Published by arrangement with the Olympia Press.

Author: Marshall Macao (pseud.)

About: When the Vulture Wakes... The Dark Harvest is at Hand.

Bodies are piling up in the Burbank hills. Burned, slashed, painted with ritual designs. The L.A. Police are stumped—even Ben Spencer, veteran sleuth of the Kink Squad sees no pattern in the bizarre slayings. So K'ing and Sun Lee start taking Southern California apart. When they put the pieces together, it all points to Death Valley—and Kak Nan Kang.

Last in the series.

Excerpt:

The boy could not say. The man dared not guess. The Master was silent. K'ing rode with the sound, with the flood.

Presently the sound subsided, and K'ing was left as if on the bank of a wild, secluded stream, beaten and bent with the force of the world's waters, yet alive, breathing, awake. About him he seemed to see shards of every civilization that had ever commanded men's allegiance on this earth: the waters, it seemed, had gone back from whence they came— into the earth, into the air, he did not know where— and in their wake they had left a telling message. K'ing sat calmly on the hill. K'ing rose painfully from the dry river bank. The breeze of morning waved his black hair. He looked about him.

The sand was full of gold. Bracelets and earrings and amulets beyond price; vessels of every shape and size; crowns and scepters and tabernacles inlaid with precious stones. All broken beyond repair. The remnants of Atlantis, of the Ninth Dynasty, of El Dorado in a thousand lands, lay strewn about the caked sand of the riverbank, glittering still, mocking, worthless at last. K'ing looked about him, unsure whether to cry or laugh.

For he knew that this was only the surface of it.

For every ounce of gold that lay here abandoned, a pound of flesh had been taken. For every bauble a human life had gone. He was filled with an unutterable sadness, a crisp, biting sense of futility that cut to his heart with a poignancy that the rushing flood had been powerless to evoke. He sat down on the riverbank and his eyes were moist.

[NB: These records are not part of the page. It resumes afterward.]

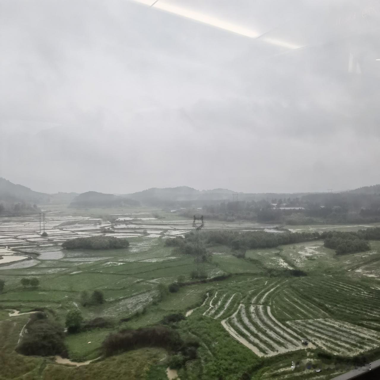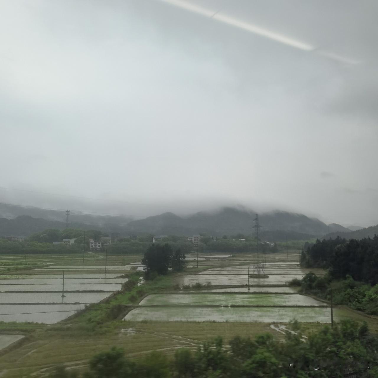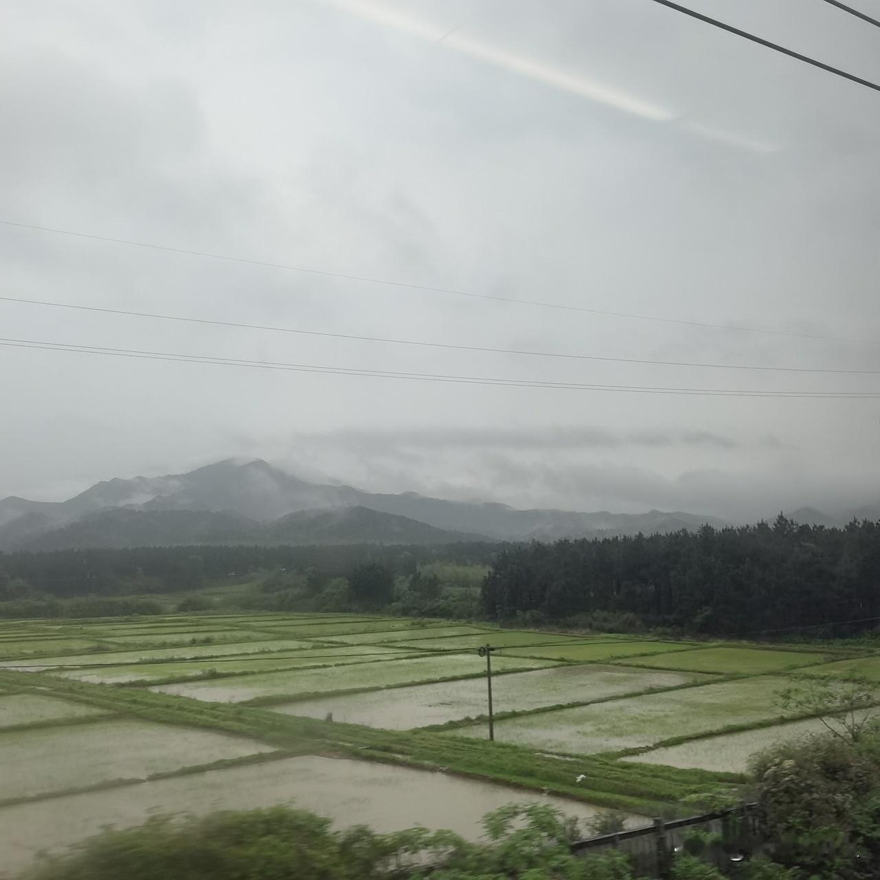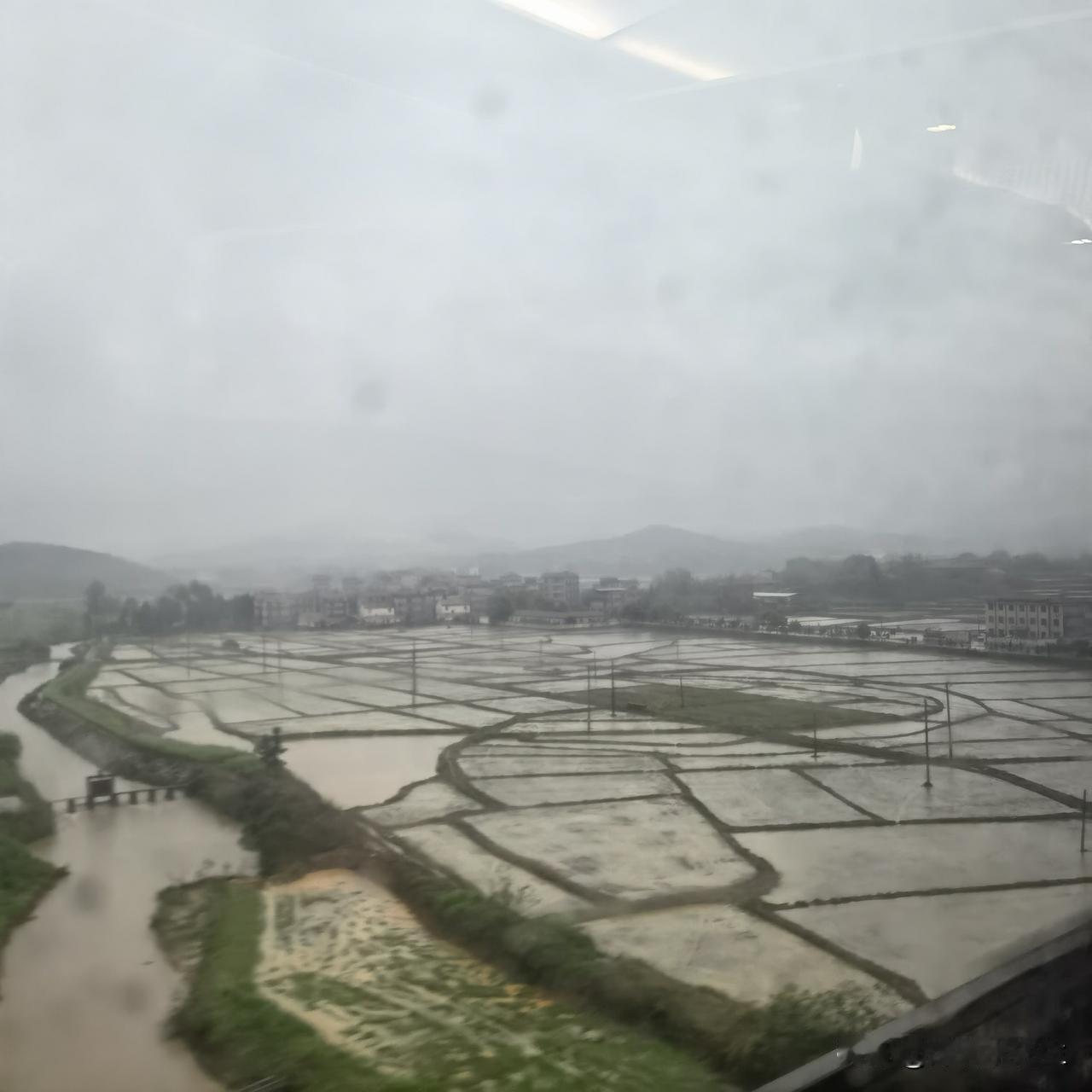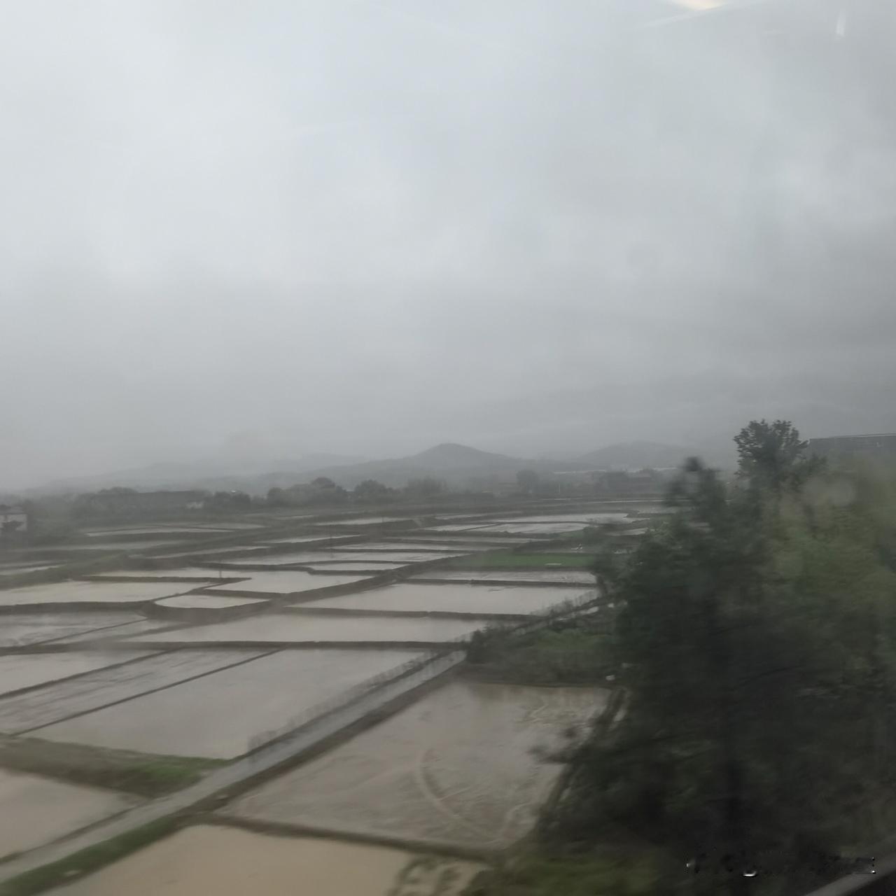 早上吃完母亲煮的鸡蛋,还有家乡风味的炒粉,开车回来同学工厂,没多久,天色就黯淡下来,再一会,直接就昏天暗地,暴风雨来临之前的样子。等我们出门去高铁站时,已经哗啦啦下起来了,白昼已经提前变成了夜晚,还好,车子正常到来,上来安顿好,火车路过的村庄,一派田园风光!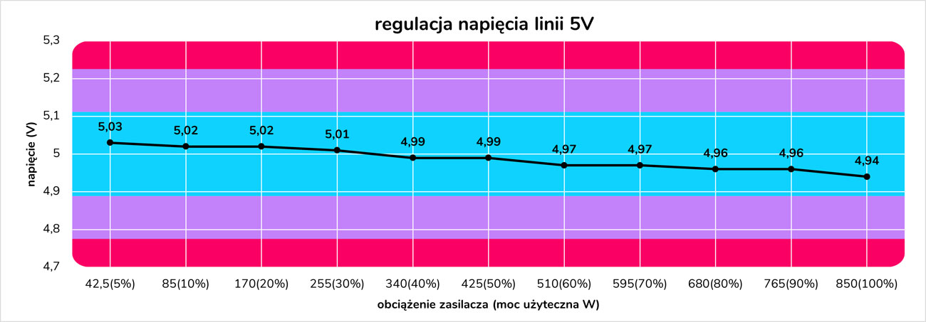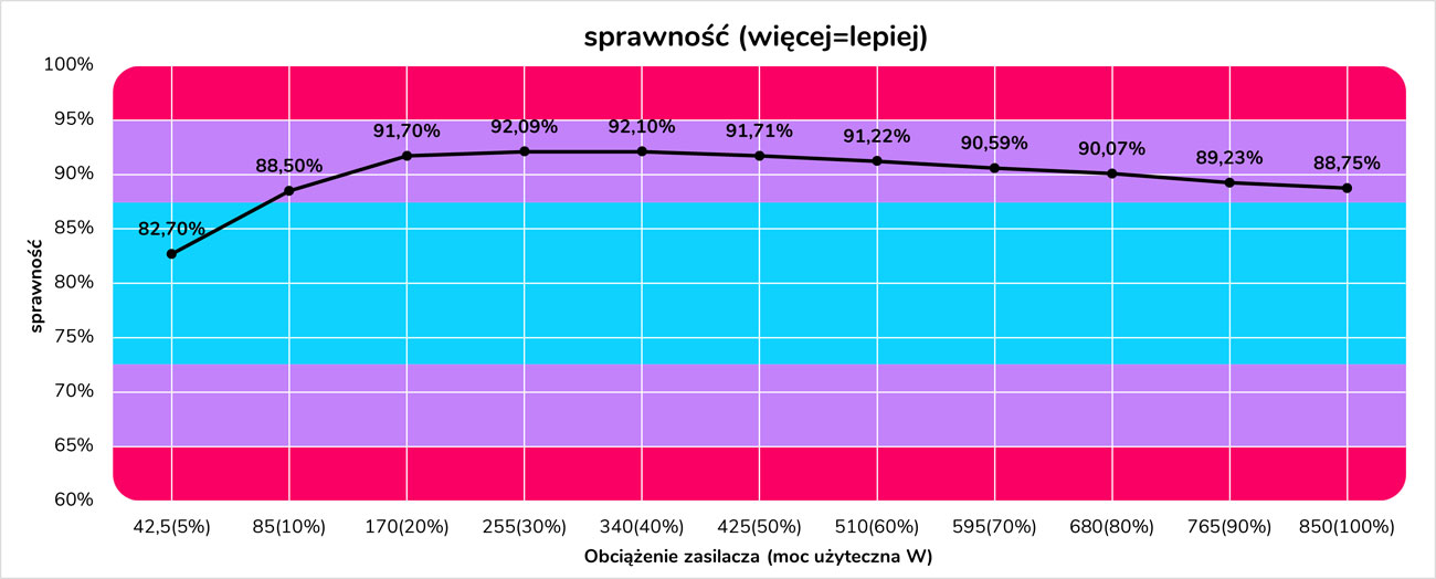 Zapoznaj się ze szczegółowymi wykresami obrazującymi wyniki testów wydajności zasilacza Fortron HYDRO G PRO 850W w całym zakresie obciążenia. Kliknij w jeden z poniższych przycisków, aby rozwinąć lub zwinąć wybrany wykres.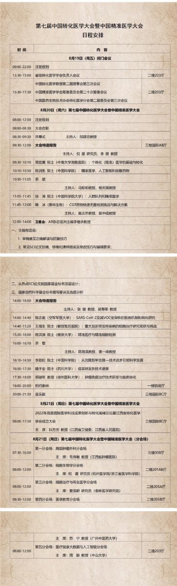 為了迎接黨的二十大勝利召開,落實“健康中國2030”戰略,推動科研成果轉化落地,促進人民健康水平持續提升,由中國轉化醫學聯盟、中國精準醫學學會(籌)和江西省衛生健康委員會主辦的“第七屆中國轉化醫學大會暨中國精準醫學大會和2022中國醫藥細胞生物學學術大會”將于2022年8月19日-21日在江西省南昌市隆重舉行。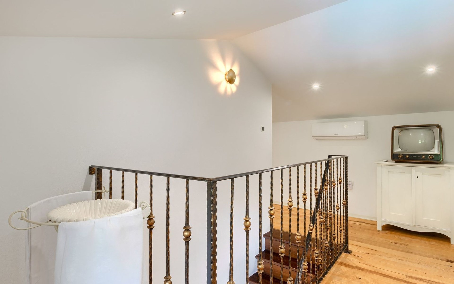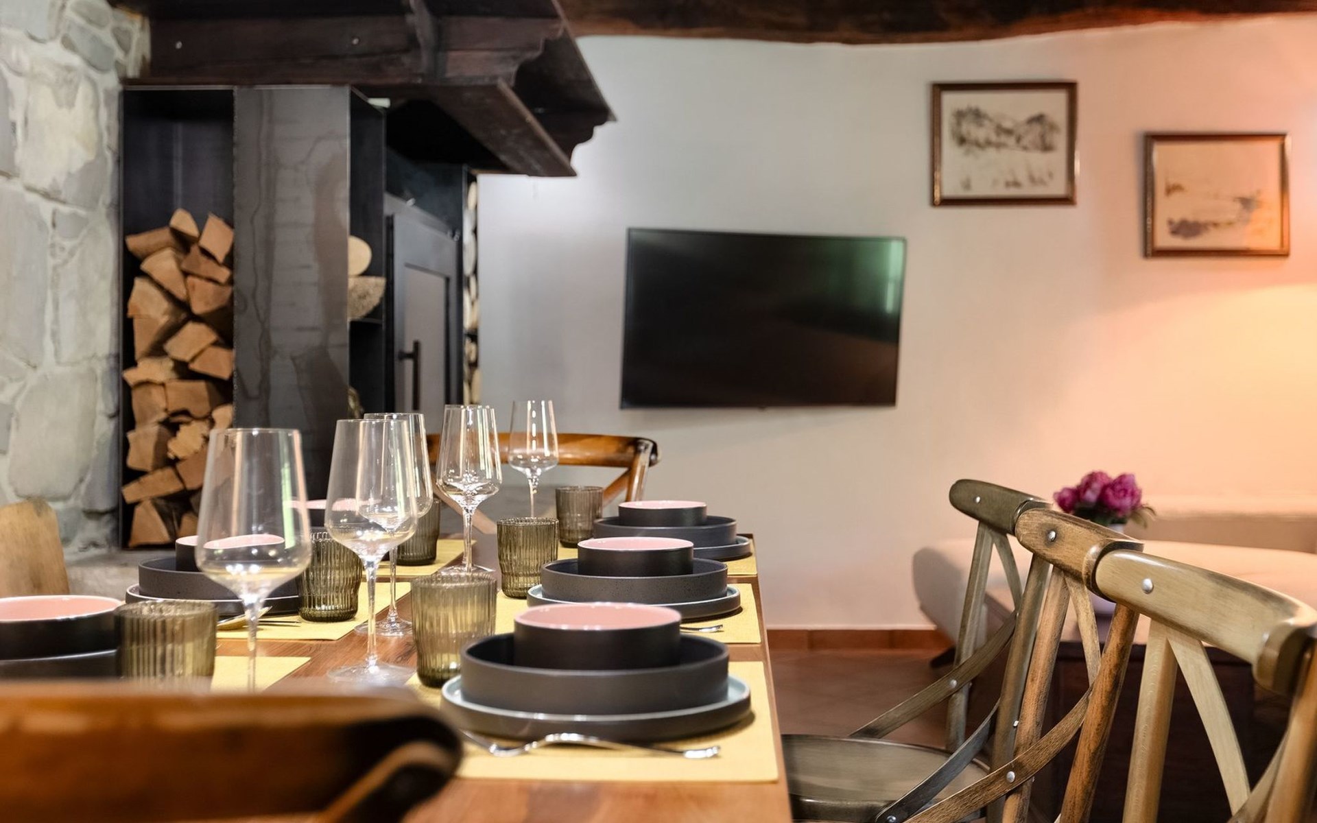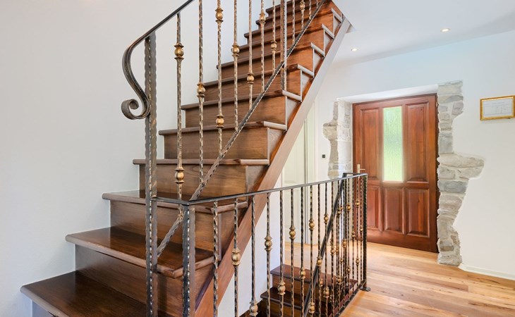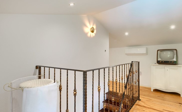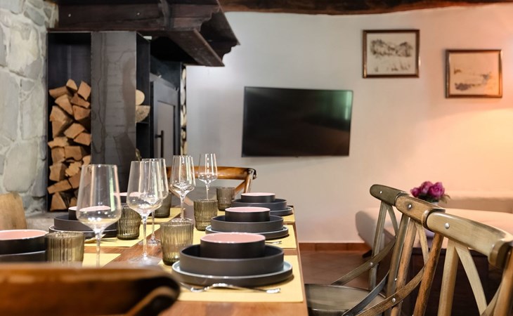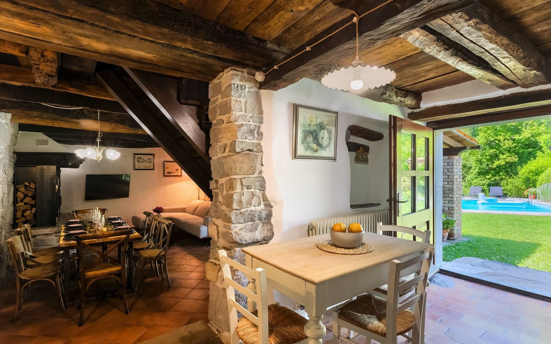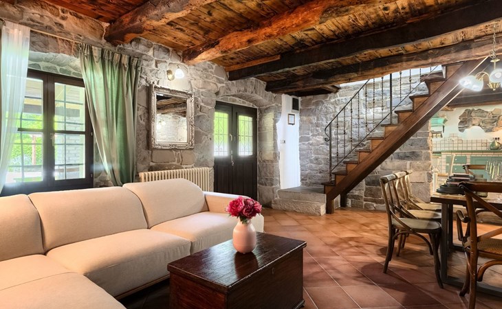 Das Innere der Villa strahlt Wärme und Authentizität aus, mit einem schön eingerichteten Essbereich und einem gemütlichen Wohnzimmer. Holzbalken und eine Treppe mit charakteristischen alten Möbeln schaffen eine besondere Atmosphäre, in der Sie sich entspannen und wie zu Hause fühlen werden.

Suddenly, above him, he heard the sound of rushing again. But this time the sound was of wings. The beating of wings so large they could encompass the earth, the mighty, deathless ride of a bird that could swallow the world. K'ing looked up. In the air above him, silhouetted against a fiercely burning sun, hovered a huge black bird. A hawk, or a vulture, he could not be sure.

K'ing rose as if in unconscious obeisance and stared at the great shape.

And the creature spoke. It spoke a language that K'ing had never heard before, and yet the boy understood. He listened attentively as the bird told a sorrowful tale of the Indian people who had once inhabited this land: how they had become mighty in war and in wealth, until every living creature from coast to coast had acknowledged them as Masters; how then the power that they had gained eventually proved their undoing. For they had sought to regulate the lives not only of the other men with whom they shared the land, but even of the animals and plants of the earth, whose land it originally had been. When they tried to extend their dominion over the great birds of prey who inhabited the mountain crags, the birds revolted and attacked the people. In one awful night every man, woman and child of the tribe was blinded; their eyes torn out by the vengeful birds of prey. Soon after that the people had disappeared, wandering sightless out into the desert, and were never heard from again.

K'ing could not tell whether the tale was meant as a warning or a threat, but his unasked question was soon answered. With a horrible shriek the bird uttered his name, and then, before K'ing could protest, dropped a glittering object on the sand some yards away from the mystified young man.

Then the bird was gone.

K'ing went to the object, leaned over, picked it up. It was a burnished silver frame, and in the center an oval mirror flashed in the sunshine. K'ing turned the strange object over in his hands and then, as if compelled by a force he did not understand, brought the reflective surface around to face him. What he saw made him drop the heavy object in horror and disgust.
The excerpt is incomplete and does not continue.